(Items from a dataset)
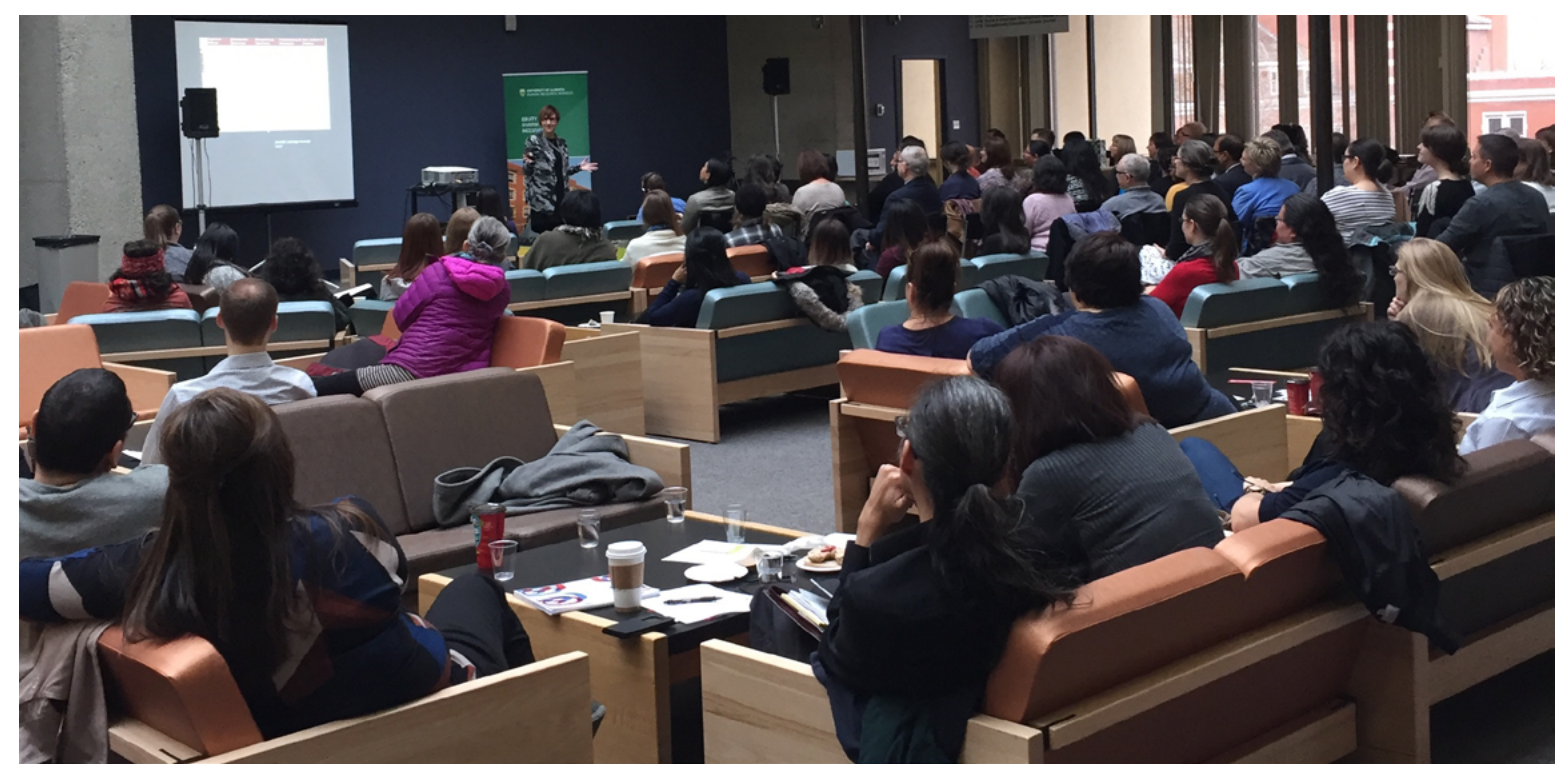
Attentive audience at public talk on the Canadian Human Rights Tribunal on First Nations Child welfare
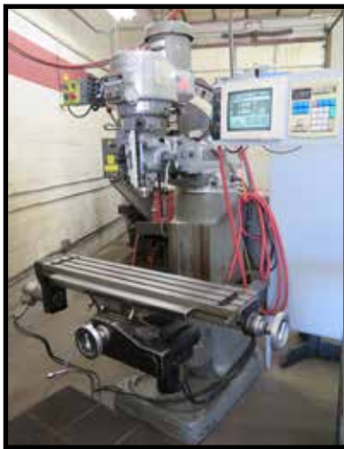
Bridgeport /EZ-Trak 2-Axis CNC Vertical Mill s/n 263202E w/ EZ-Trak DX CNC Controls
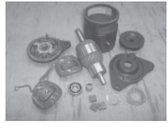
The company guts the generator, replacing or rebuilding all internal components.
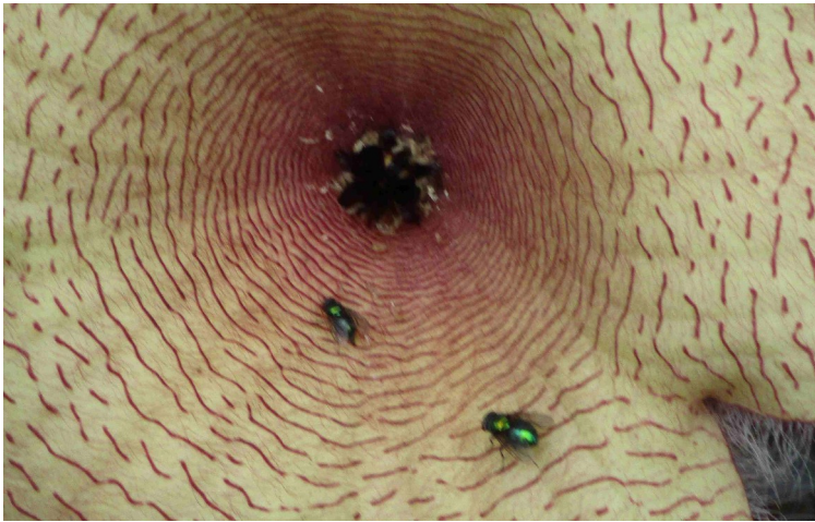
Blow flies (left)
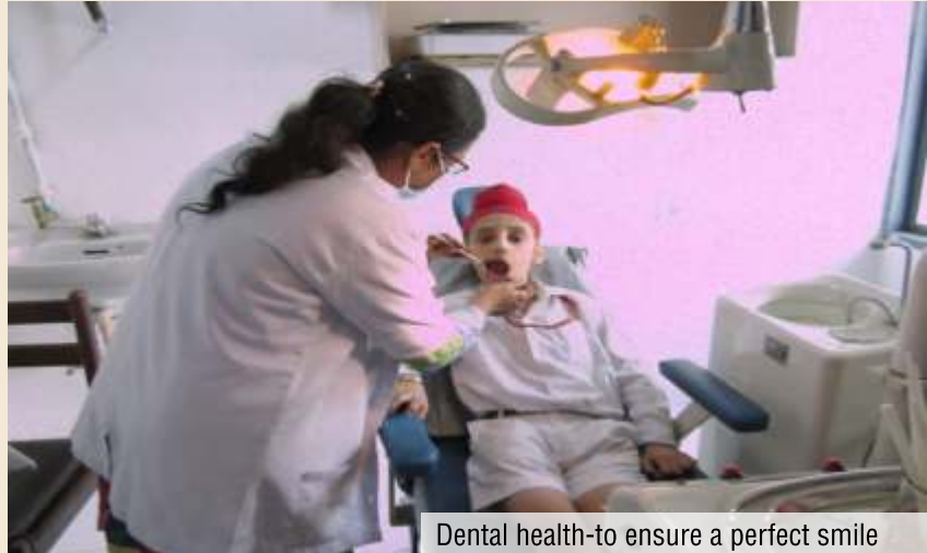
Dental health-to ensure a perfect smile

ATL is a workspace where young minds can give shape to their ideas through hands-on do-it-yourself
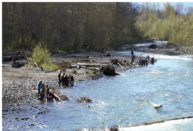
Exploring the Dungeness River Ecology

Cost: $50 for River Center Members/ $75, non members; pre-registration necessary
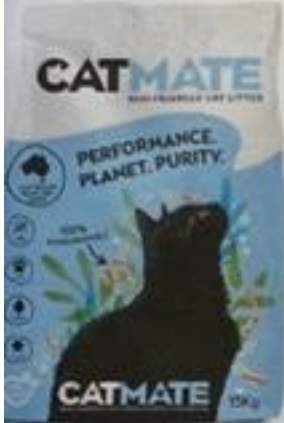
CATMATE Eco-Friendly Cat Litter 2kg, 7kg & 15kg bags
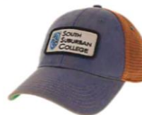
South Suburban College Trucker Cap Legacy $26.00
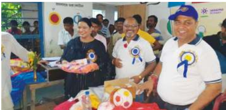
Distributed 40 Nos. LED Lamp to the Villagers
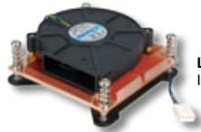
LGA1156 Cooler IEI P/N: CF-1156A-RS
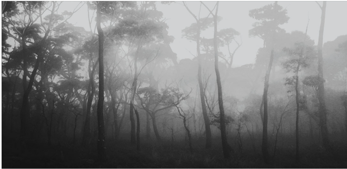
"Into the Mystic 3"
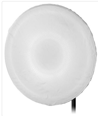
The beauty dish with the included white diffusion sock, which softens the light output for a more diffused effect.
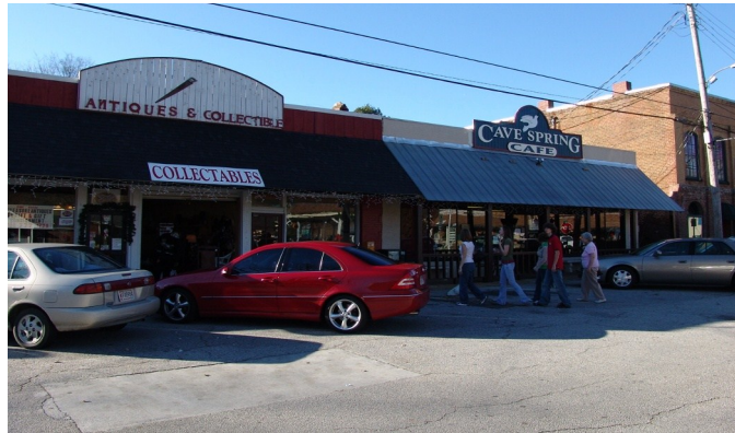
Shop the antique stores and have lunch!
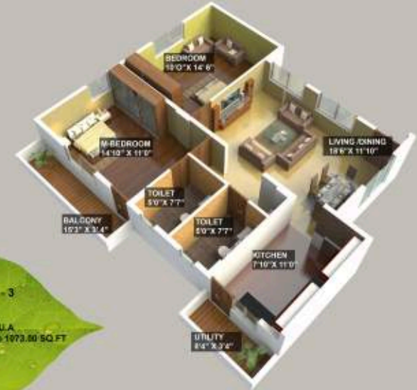
TYPE - 3
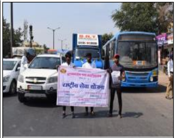
Traffic rules awareness among people by group of students at Hadapsar Gadital
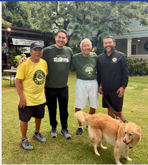
Mālama Mānoa and The Outdoor Circle's 1,000 Tree Giveaway
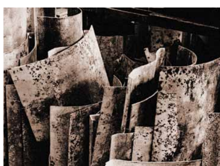
Victorian moulds for bending glass, John Bowden Ltd, 2006 Some of the moulds date back to the 1820s and would have required 20 men to lift them.
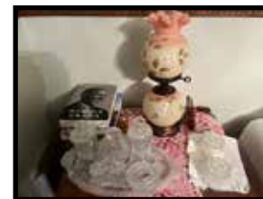
Matching Fenton Glass table lamps
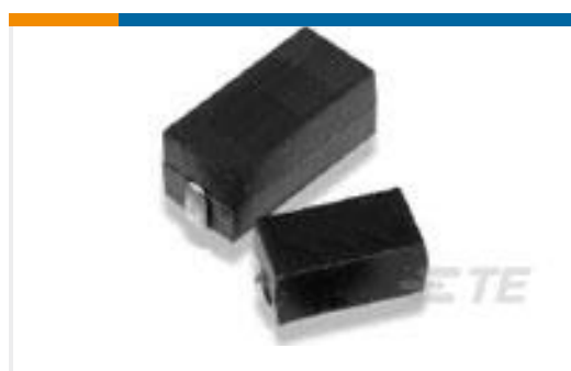
TE Part #6-1879021-1 SMW3 33R 5%

• [Exercise details] Output a verbatim copy of all entries above; no pictures go in it.

• [Solution]
Attentive audience at public talk on the Canadian Human Rights Tribunal on First Nations Child welfare
Bridgeport /EZ-Trak 2-Axis CNC Vertical Mill s/n 263202E w/ EZ-Trak DX CNC Controls
The company guts the generator, replacing or rebuilding all internal components.
Blow flies (left)
Dental health-to ensure a perfect smile

ATL is a workspace where young minds can give shape to their ideas through hands-on do-it-yourself
Exploring the Dungeness River Ecology

Cost: $50 for River Center Members/ $75, non members; pre-registration necessary
CATMATE Eco-Friendly Cat Litter 2kg, 7kg & 15kg bags
South Suburban College Trucker Cap Legacy $26.00
Distributed 40 Nos. LED Lamp to the Villagers
LGA1156 Cooler IEI P/N: CF-1156A-RS
"Into the Mystic 3"
The beauty dish with the included white diffusion sock, which softens the light output for a more diffused effect.
Shop the antique stores and have lunch!
TYPE - 3
Traffic rules awareness among people by group of students at Hadapsar Gadital
Mālama Mānoa and The Outdoor Circle's 1,000 Tree Giveaway
Victorian moulds for bending glass, John Bowden Ltd, 2006 Some of the moulds date back to the 1820s and would have required 20 men to lift them.
Matching Fenton Glass table lamps
TE Part #6-1879021-1 SMW3 33R 5%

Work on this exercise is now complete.